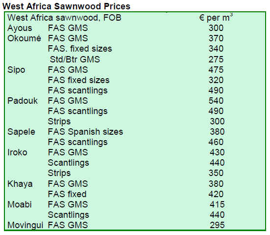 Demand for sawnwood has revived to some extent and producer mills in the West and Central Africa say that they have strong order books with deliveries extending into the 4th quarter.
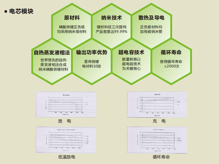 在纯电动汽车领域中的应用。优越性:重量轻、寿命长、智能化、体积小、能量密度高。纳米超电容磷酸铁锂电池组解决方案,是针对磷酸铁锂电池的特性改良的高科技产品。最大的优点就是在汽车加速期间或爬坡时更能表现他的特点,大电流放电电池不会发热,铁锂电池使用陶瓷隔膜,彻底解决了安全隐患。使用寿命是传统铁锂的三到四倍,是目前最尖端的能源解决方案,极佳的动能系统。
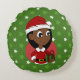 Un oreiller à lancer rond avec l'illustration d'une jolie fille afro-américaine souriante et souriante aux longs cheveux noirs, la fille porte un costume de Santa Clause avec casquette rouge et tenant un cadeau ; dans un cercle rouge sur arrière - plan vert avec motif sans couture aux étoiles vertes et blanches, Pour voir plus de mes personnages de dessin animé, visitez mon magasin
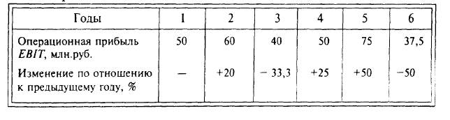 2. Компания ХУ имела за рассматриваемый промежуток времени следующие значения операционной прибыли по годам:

....................

**Exercise**
From the line that contains "Un oreiller à" to the final line of the material, write out each line exactly. Pictures stay out.

**Task output**
 Un oreiller à lancer rond avec l'illustration d'une jolie fille afro-américaine souriante et souriante aux longs cheveux noirs, la fille porte un costume de Santa Clause avec casquette rouge et tenant un cadeau ; dans un cercle rouge sur arrière - plan vert avec motif sans couture aux étoiles vertes et blanches, Pour voir plus de mes personnages de dessin animé, visitez mon magasin
 2. Компания ХУ имела за рассматриваемый промежуток времени следующие значения операционной прибыли по годам:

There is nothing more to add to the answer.